理念の政治というのは、言葉どおり、政治的な理念を大事にする立場であり、利益の政治というのは、社会集団ごとの経済的・社会的・政治的な利益を重視する立場である。渡辺は、共和党を理念の政治、民主党を利益の政治をそれぞれ推進してきたと、大雑把なくくり方をしている。これは筆者には意外に聞こえた。民主党がリベラルな理念を掲げる理念重視の政党であり、共和党は白人の利益を代表する利益政党だと思っていたからである。

渡辺によれば、共和党こそは保守主義の理念にこだわる理念政党であるのに対し、民主党は、エスニシティ、労働組合、マイノリティなどの様々な社会集団の集団的な利益の実現を通じて政治的な支持を取り付けてきた点で、利益政党ということになるらしい。こういうくくり方に立つからこそ、「アメリカにおける根本的な護憲派はリベラルはではなく保守派である」と言えるわけである。こういう言い方をされると、筆者などは軽いショックを受ける。

しかし近年のアメリカでは、この二つを中心とする対立軸が曖昧になってきているとも渡辺はいう。民主・共和両党とも、理念の政治と利益の政治とが混ざり合い、複雑な様相を呈してきている。民主党については、様々な社会集団の利益を代表しようとすれば、おのずから分裂への遠心力が強くなるわけであり、それを回避して団結を維持しようとすれば、高い次元の共通利益を持ち出さなくなるが、それは理念的な色彩を帯びざるを得ない。利害の異なった人々をまとめるのは理念よりほかに相応しいものはないからだ。

一方共和党については、小さな政府と個人の自由という理念を党是とした理念政党の色彩が伝統的に強く、リバタリアンはその極端な発現だったわけだが、これをあまりに追及しすぎると、巨大な支持基盤である保守的なプアホワイト層の支持を失いかねない。そこで彼らの支持をつなぎとめるために、利益誘導的なこともせざるを得なくなる。トランプが爆発的な人気を集めたのは、彼がこうした保守的なプアホワイト層の熱烈な支持を集めたからだ。要するに民主党のお家芸だった利益の政治を、共和党の非主流であるトランプが実践し、成功したというわけである。

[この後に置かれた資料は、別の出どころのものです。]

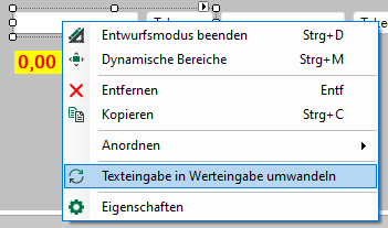 Die Werteingabe ersetzt das Texteingabeelement. Wenn Sie bisher Texteingabeelemente verwendet haben, können Sie diese in Werteingabeelemente konvertieren. Öffnen Sie im Entwurfsmodus das Kontextmenü des Texteingabeelements und wählen Sie Texteingabe in Werteingabe umwandeln.
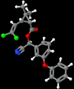 Cypermethrin (CP) is a synthetic pyrethroid used as an insecticide in large-scale commercial agricultural applications as well as in consumer products for domestic purposes. It behaves as a fast-acting neurotoxin in insects. It is easily degraded on soil and plants but can be effective for weeks when applied to indoor inert surfaces. It is a non-systemic and non-volatile insecticide that acts by contact and ingestion, used in agriculture and in pest control products. Exposure to sunlight, water and oxygen will accelerate its decomposition. Cypermethrin is highly toxic to fish, bees and aquatic insects, according to the National Pesticide Information Center (NPIC) (previously National Pesticides Telecommunication Network) in the USA.[1] It is found in many household ant and cockroach killers, including Raid, Ortho, Combat, ant chalk, and some variants of Baygon in Southeast Asia.

渡辺がこの本を書いたのは昨年(2016年)の夏のことであり、その時点では大統領選挙が進行中で、まだ帰趨が明らかでなかった。にも拘らず渡辺はトランプが大統領になることを、かなり高い蓋然性を以て予想していたフシがある。その時点では世界中がトランプの勝利を予想していなかったので、これは渡辺の眼光の鋭さを物語るものだろう。筆者などは、共和党という政党が白人層に偏って立脚しているかぎり、その未来はあやういと思っていたものだが、トランプがそんな思いを吹き飛ばした。そこに筆者はアメリカ政治の奥の深さを感じたりもする。

この本を読むと、支持基盤を統合し、政党としてのアイデンティティを保つことに苦労しているのは、共和党ではなく民主党のほうであり、従って民主党の未来はそう楽観的ではない、という気にさせられる。